Okay thanks will check that. If I reduce the speed of the generator, to much lower than 3000rpm the voltage does drop down ? Could this still mean that is a problem with the AVR, with the generator producing high voltage at proper rpm ?


----------



## RedOctobyr (Aug 8, 2018)

Maybe you mean just as a test. But the generator needs to stay at 3600 RPM, to produce 60 Hz power.


----------



## Osviur (Sep 7, 2015)

Hi luke,

The function of an AVR, is to maintain a fixed output voltage in a generator. At the start, there is only a very weak remanent magnetic field in the rotor, left after the last generator operation, this field induces a very low AC voltage in the stator, which is sent to the AVR (functioning as a voltage controlled switch).AVR compares a fraction of the main output voltage with a reference fixed voltage, (set by a zener diode and an adjusting potentiometer in the AVR), if the ref voltage is higher than the gen output sample,the AVR permits to pass all the current generated to the rotor windings, increasing the magnetic field and so, the induced voltage in the stator windings. This is sent again to the AVR. As the RPM increases and the rotor magnitic field does the same, the output voltage is higher and higher up to reach the nominal voltage level. 

Once reached this value (110VAC or 220VAC) independent of the RPMs (so the frequency, Hz),The AVR cuts the rotor feed current, causing a decrease in the voltage generated, which is detected in the AVR, creating a difference between the reference (higher) and the sample. Avr starts conducting again, but, if it fails to cut due to a shorted transistor or something similar, the excitation current increases up to reach a saturation point ,and in this point the output voltage remains topped. This condition is really dangerous for thr generator head, because the rotor windings are overloaded with the full voltage available applied to the rotor windings overheating them, and if this condition is maintained enough time, they will be burnt.This is for a brushed generator, for a brushless the excitation field will suffer and possibly the rotor winddings too.

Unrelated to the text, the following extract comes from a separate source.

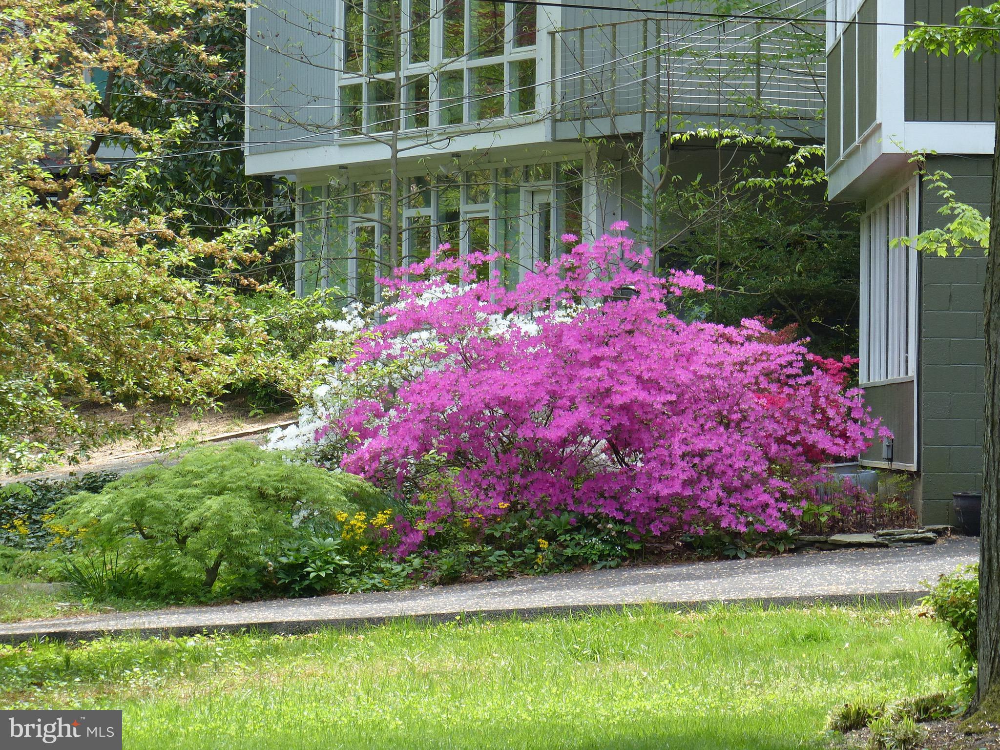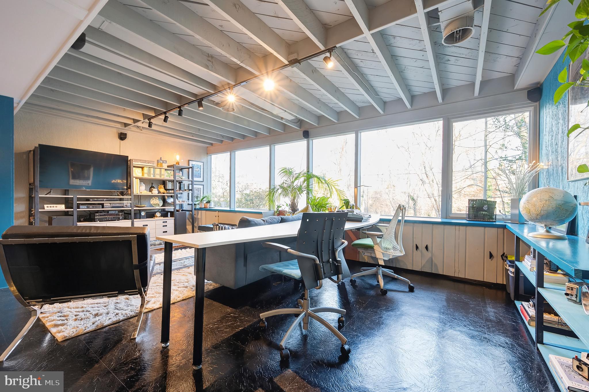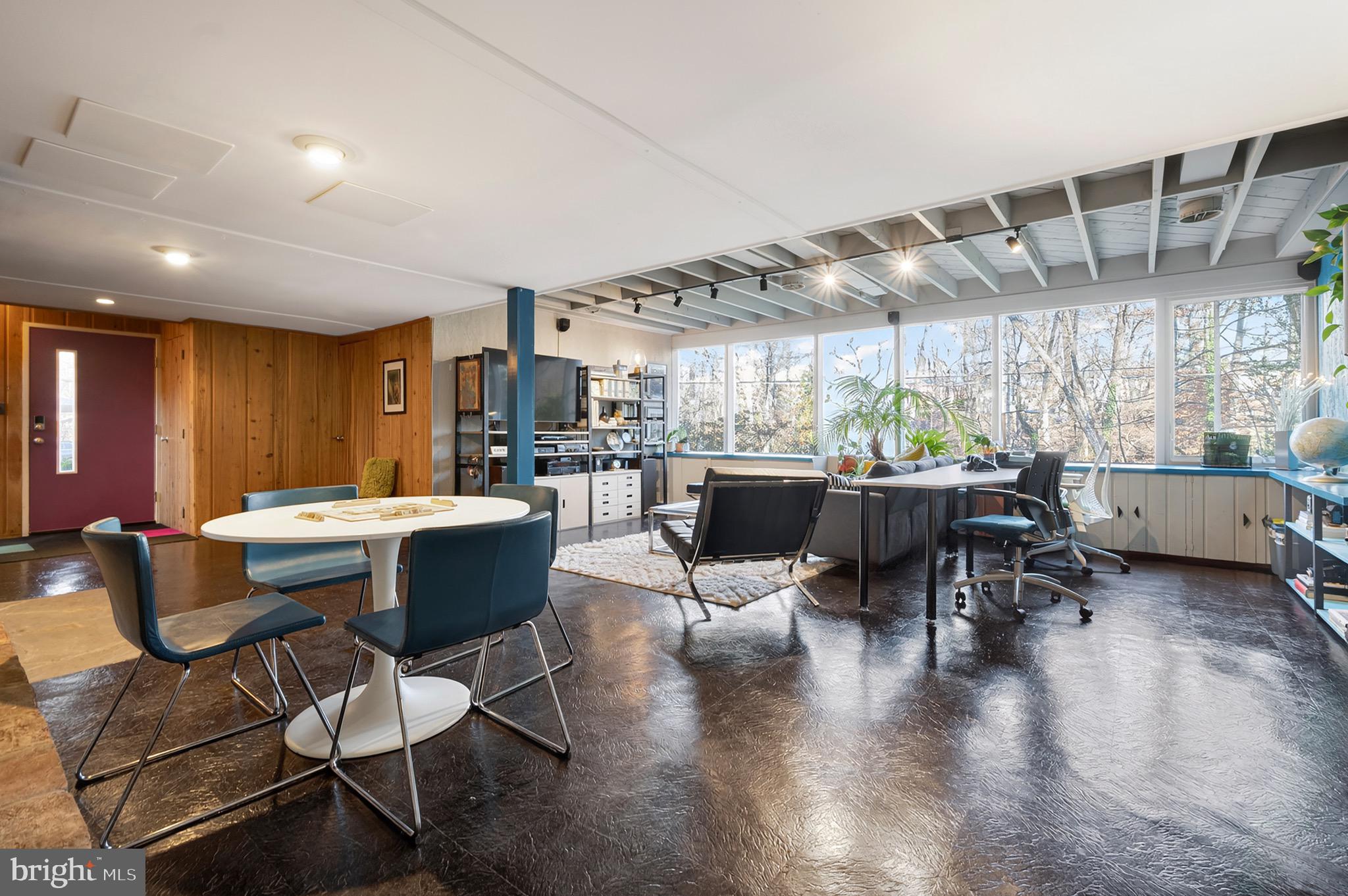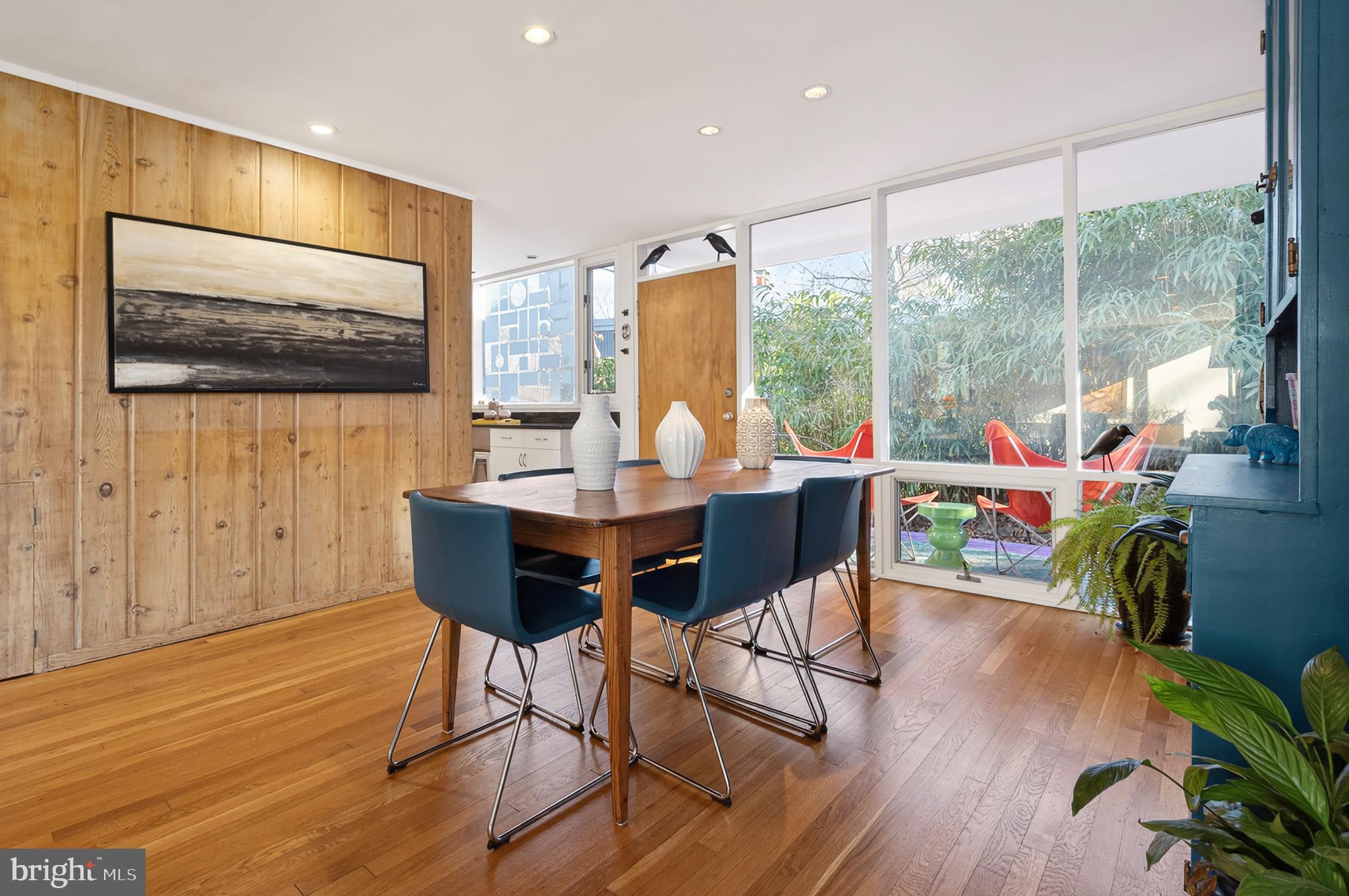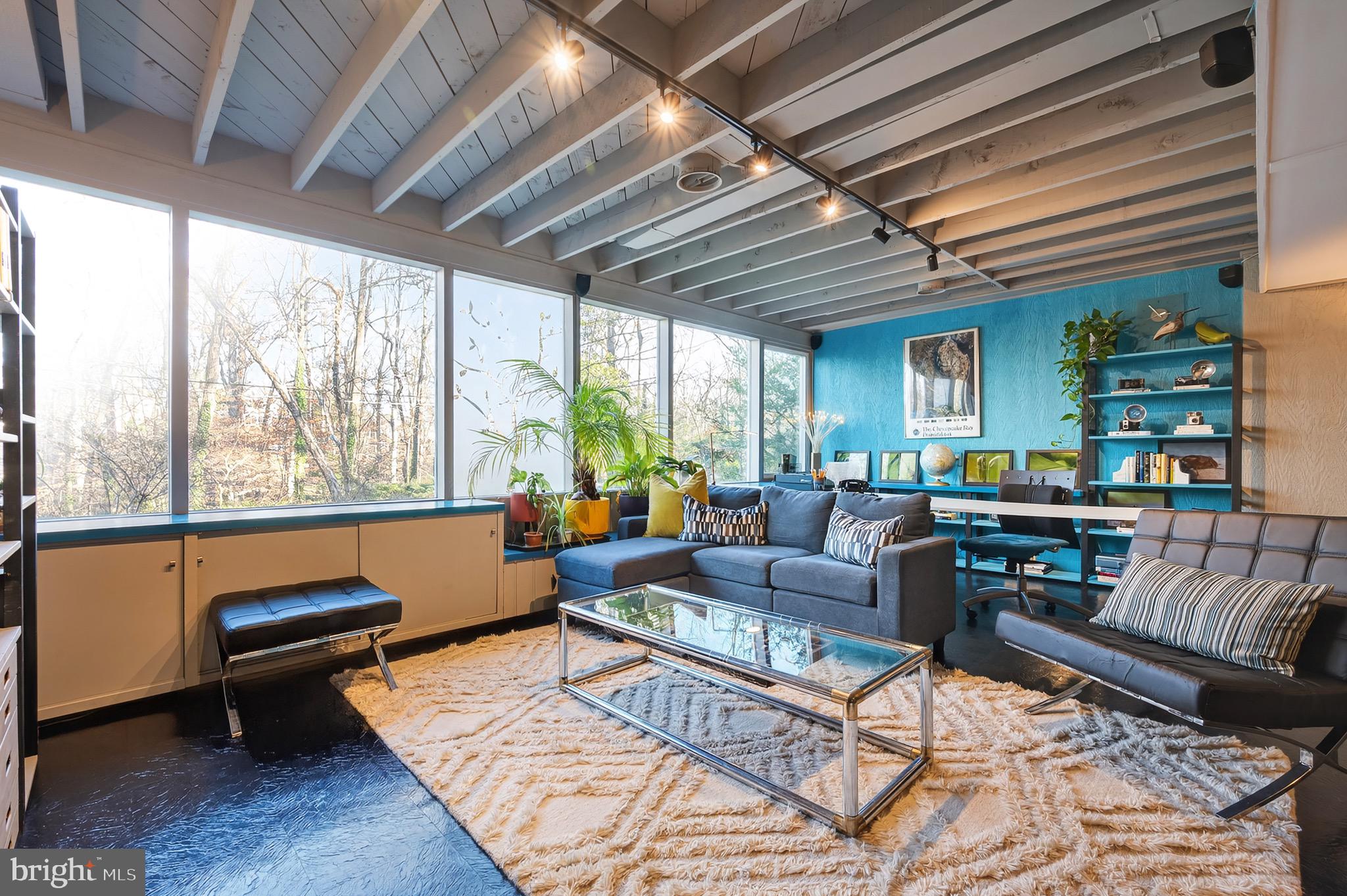 Two-story Mid-Century Modern home in sought-after Hollin Hills community, designed by renowned architect Charles Goodman. Nestled on a .36-acre lot, the home is perfectly positioned for privacy and connection to nature, with treetop views of parkland. Landscaping includes pollinator gardens with extensive use of native plants.

All this control process is done in the generator head. The engine doesn't "know" what is happening in the other side. The engine control is the governor, which maintains the RPM's fixed , to permit to the gen head maintain a fixed frquency (talking about a non inverter generator) , independent of the impossed load from the gen head.The only communication between engine and generator head is the common shaft which transmits the resistance torque from the generator to the engine. 

In few words your AVR is failing. 

Regards.


----------